From the entries below, reproduce exactly the line containing "Con maquinaria especializada, autoridades", the line containing "ユニバー記念競技場にはいると", and every line in between, with nothing added.

### ENTRIES PROVIDED
☆ ☆ ☆ ☆

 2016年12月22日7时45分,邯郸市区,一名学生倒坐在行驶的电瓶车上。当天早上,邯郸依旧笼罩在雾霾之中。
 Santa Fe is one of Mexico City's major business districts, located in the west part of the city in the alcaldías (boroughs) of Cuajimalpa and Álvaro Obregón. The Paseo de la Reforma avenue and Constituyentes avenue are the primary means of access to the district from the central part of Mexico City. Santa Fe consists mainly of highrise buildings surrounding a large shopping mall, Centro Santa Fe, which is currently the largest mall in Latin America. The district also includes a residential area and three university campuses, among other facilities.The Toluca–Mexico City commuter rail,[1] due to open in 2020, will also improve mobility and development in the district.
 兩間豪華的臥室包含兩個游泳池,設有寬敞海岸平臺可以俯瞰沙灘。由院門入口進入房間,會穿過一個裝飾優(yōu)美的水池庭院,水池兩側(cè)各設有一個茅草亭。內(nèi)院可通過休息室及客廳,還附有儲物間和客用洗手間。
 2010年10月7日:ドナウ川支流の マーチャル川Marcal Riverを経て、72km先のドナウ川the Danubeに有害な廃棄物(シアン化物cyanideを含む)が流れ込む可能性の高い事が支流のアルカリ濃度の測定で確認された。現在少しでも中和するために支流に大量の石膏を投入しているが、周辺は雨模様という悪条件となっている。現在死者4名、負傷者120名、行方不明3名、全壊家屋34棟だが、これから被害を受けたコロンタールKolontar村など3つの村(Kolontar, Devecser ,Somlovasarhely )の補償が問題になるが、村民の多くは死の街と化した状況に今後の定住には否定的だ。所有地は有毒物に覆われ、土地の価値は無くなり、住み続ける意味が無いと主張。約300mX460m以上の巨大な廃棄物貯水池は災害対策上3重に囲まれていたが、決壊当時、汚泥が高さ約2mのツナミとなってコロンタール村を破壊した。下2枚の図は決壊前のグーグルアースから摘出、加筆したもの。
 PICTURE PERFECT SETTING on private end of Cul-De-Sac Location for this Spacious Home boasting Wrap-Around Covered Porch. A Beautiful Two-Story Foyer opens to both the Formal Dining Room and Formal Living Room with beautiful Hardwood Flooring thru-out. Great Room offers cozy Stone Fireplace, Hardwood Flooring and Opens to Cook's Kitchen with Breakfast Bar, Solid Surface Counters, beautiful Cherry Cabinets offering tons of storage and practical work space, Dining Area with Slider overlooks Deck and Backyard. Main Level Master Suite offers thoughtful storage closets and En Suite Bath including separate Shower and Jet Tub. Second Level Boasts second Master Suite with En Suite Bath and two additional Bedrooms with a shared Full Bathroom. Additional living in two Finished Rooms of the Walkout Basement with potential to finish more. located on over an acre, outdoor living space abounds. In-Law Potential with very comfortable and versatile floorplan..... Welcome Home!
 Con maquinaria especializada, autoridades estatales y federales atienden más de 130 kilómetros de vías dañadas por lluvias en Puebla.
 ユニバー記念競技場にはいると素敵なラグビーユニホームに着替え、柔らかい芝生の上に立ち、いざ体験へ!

☆ ☆ ☆ ☆

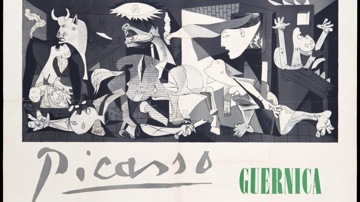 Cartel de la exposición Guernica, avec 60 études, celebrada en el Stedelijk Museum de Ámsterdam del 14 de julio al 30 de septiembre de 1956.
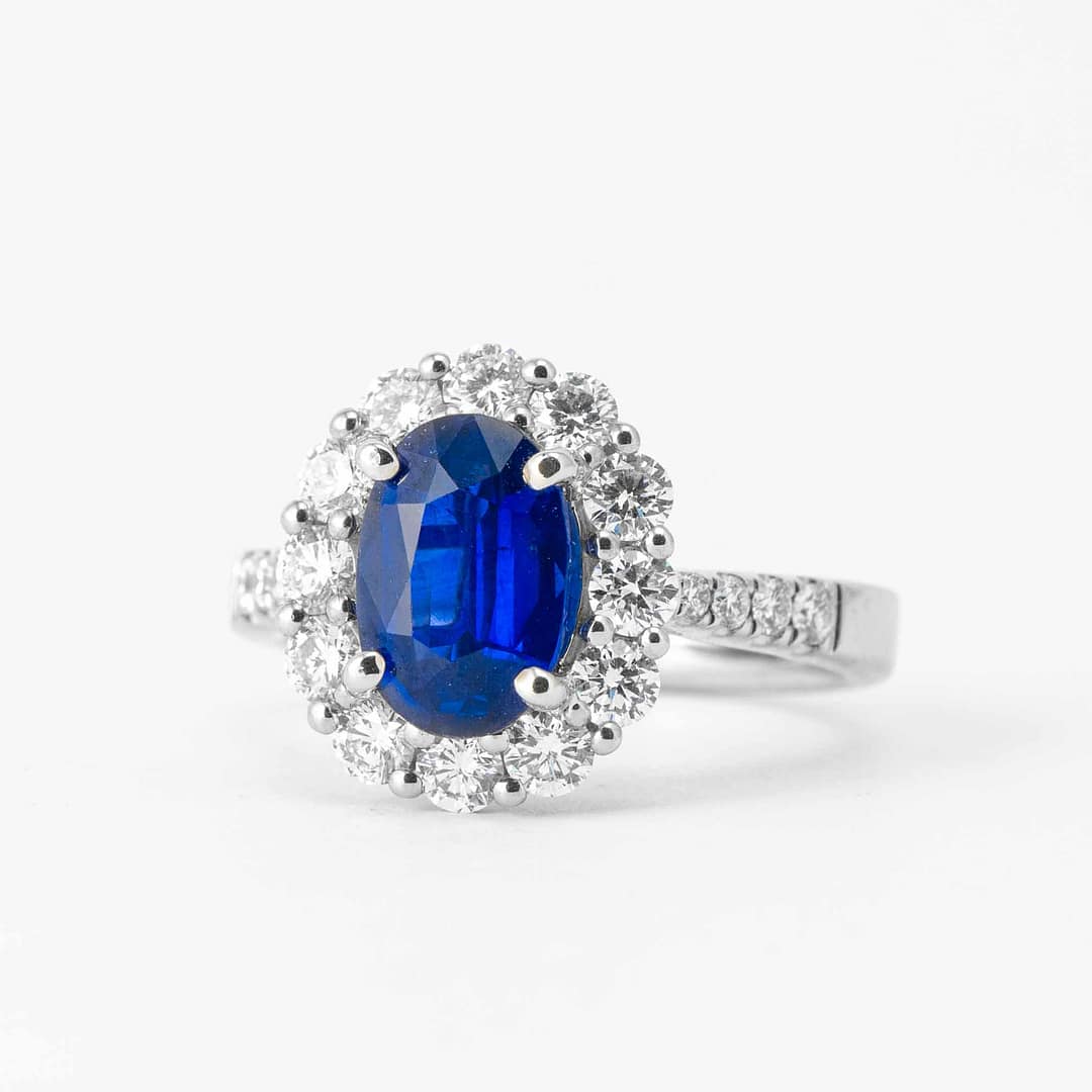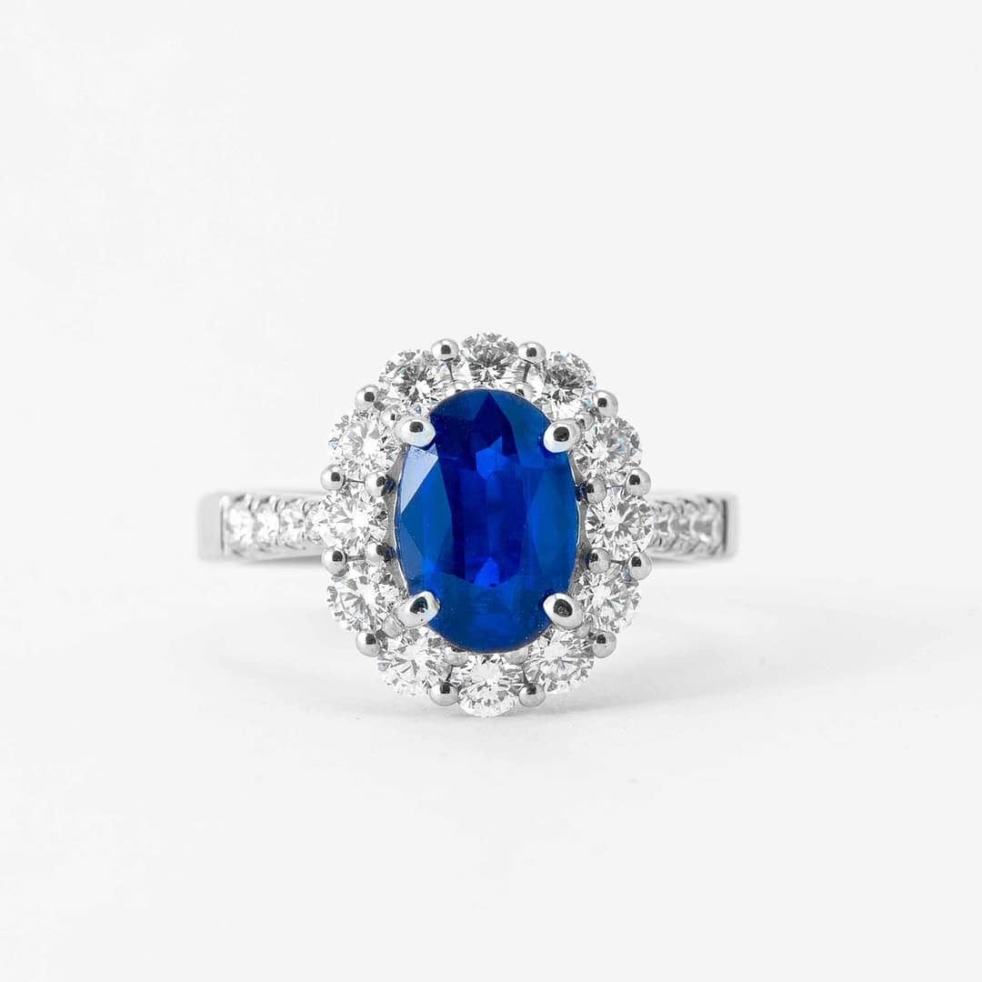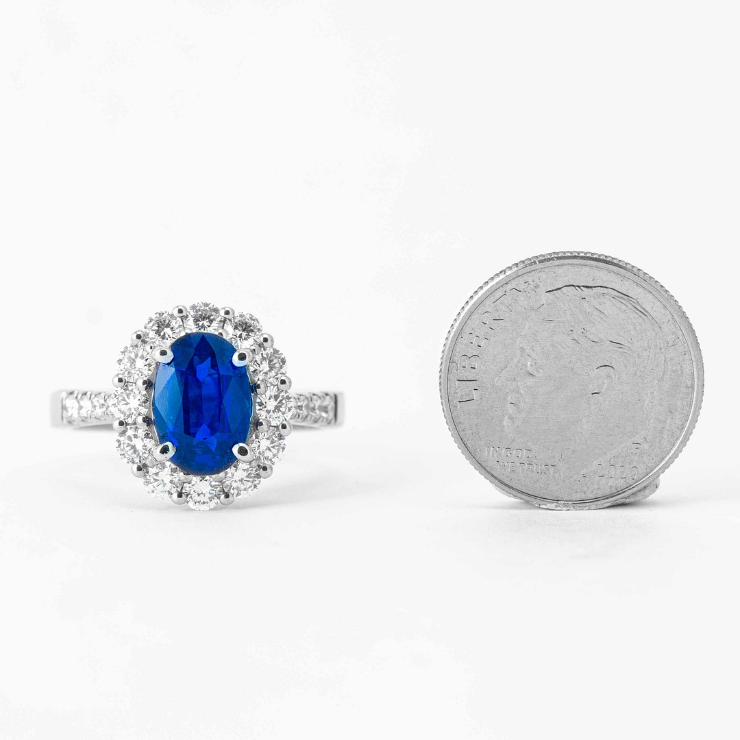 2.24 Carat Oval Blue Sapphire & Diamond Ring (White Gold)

☆ ☆ ☆ ☆

### EXPECTED OUTPUT
 Con maquinaria especializada, autoridades estatales y federales atienden más de 130 kilómetros de vías dañadas por lluvias en Puebla.
 ユニバー記念競技場にはいると素敵なラグビーユニホームに着替え、柔らかい芝生の上に立ち、いざ体験へ!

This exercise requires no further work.